Seit zwei Jahren wütet im Sudan ein Krieg. Armee und Milizen kämpfen gegeneinander, doch vor allem Zivilisten fallen der Gewalt zum Opfer.
Quelle: AFP
"Wir konnten uns nie vorstellen, dass friedliche, unbewaffnete Zivilisten zur Zielscheibe würden. Es war nie nur ein Krieg zwischen Armee und Milizen - es war vor allem ein Krieg gegen die Bürger", erzählt Hochschulprofessor Shawky Al-Mahy Abdulaziz gegenüber dem ZDF.
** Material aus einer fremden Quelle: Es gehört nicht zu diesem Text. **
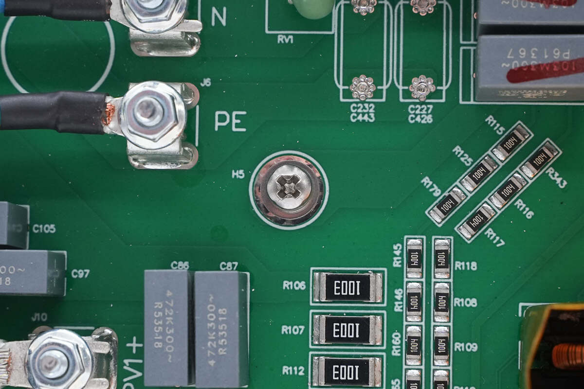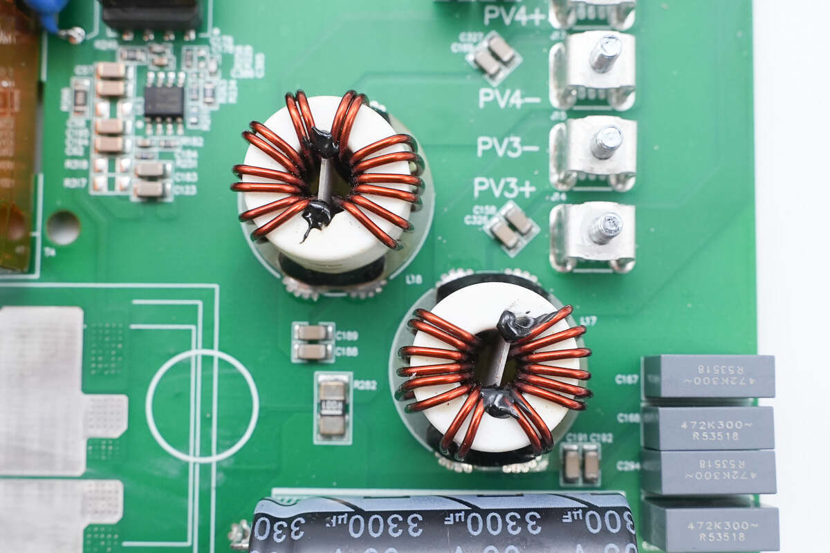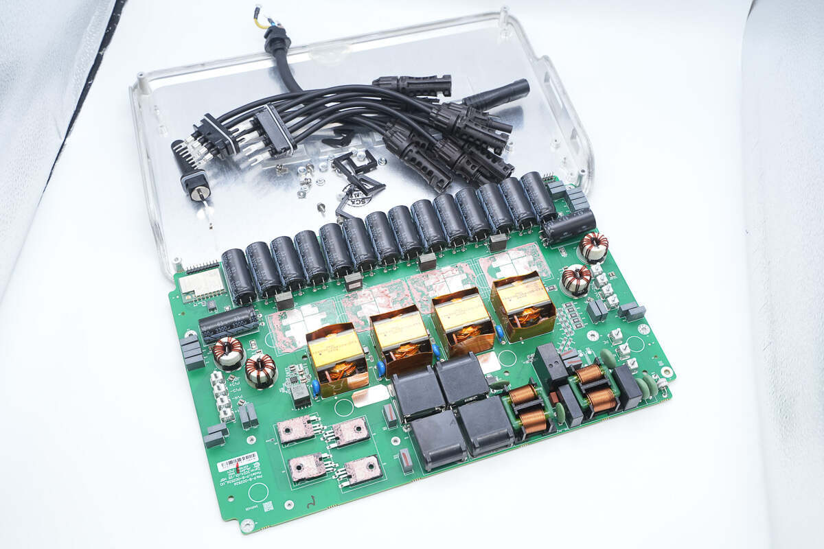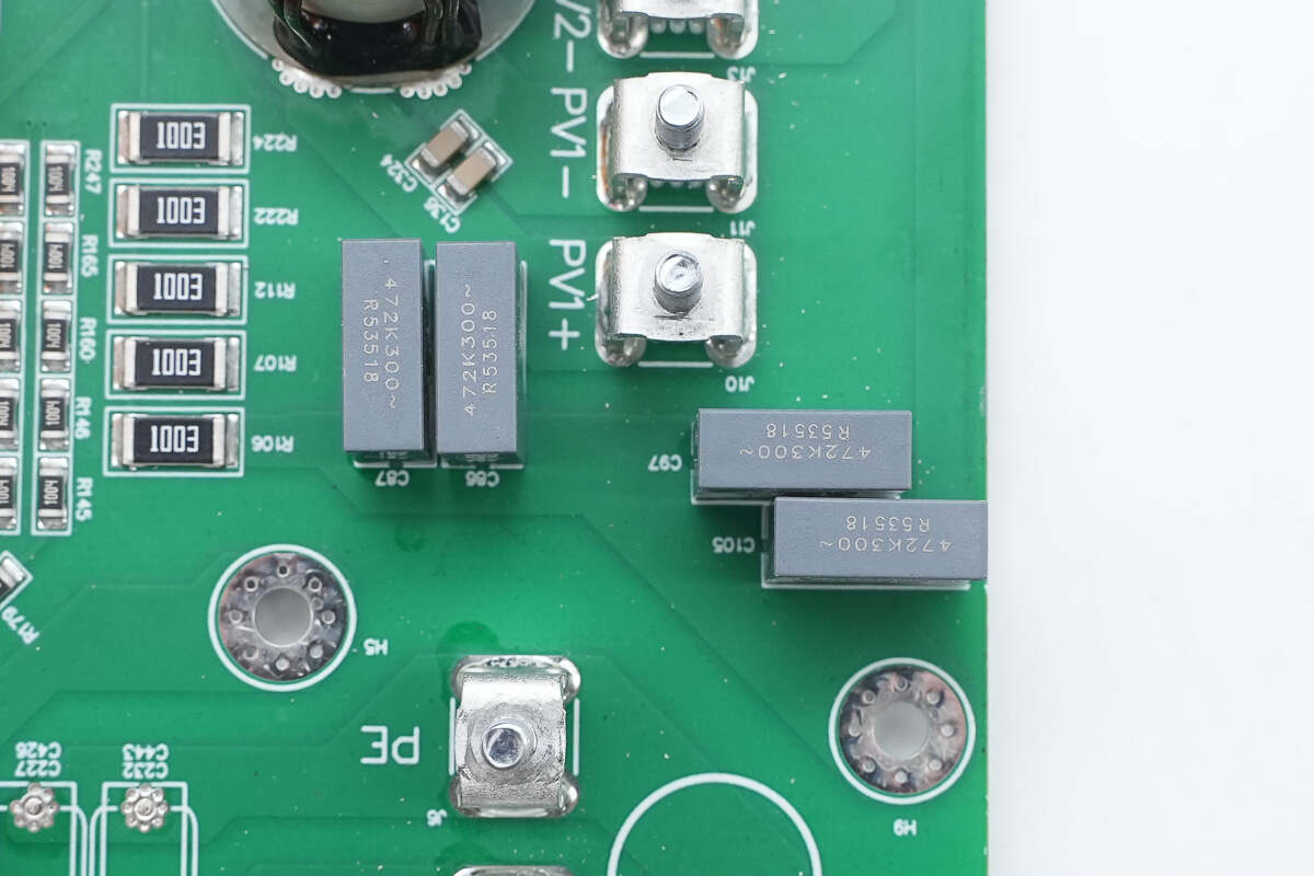 逆变器内部功率器件来自东微半导体,升压开关管型号SFS10R03UGNF,输出调制管型号OSG65R022H4T3ZF,交流输出端采用纳芯微电子NSM2013-50B5F霍尔电流采样芯片。直流输入端采用江海电解电容滤波,薄膜电容均来自厦门法拉电子。逆变器用料内部均为国内外知名品牌,配合密封设计,满足严苛的户外环境应用。

Der 47-Jährige war mit seiner Familie in den Osten Sudans geflohen, nachdem Milizen der sogenannten "Schnellen Eingreiftruppen" RSF seine Region eroberten. Sie raubten und plünderten, schlugen und terrorisierten auch Kinder und Frauen. Al-Mahy sagt, er habe massakerartige Fluchtszenen gesehen - und Flüchtende, die vor Hunger zusammenbrachen.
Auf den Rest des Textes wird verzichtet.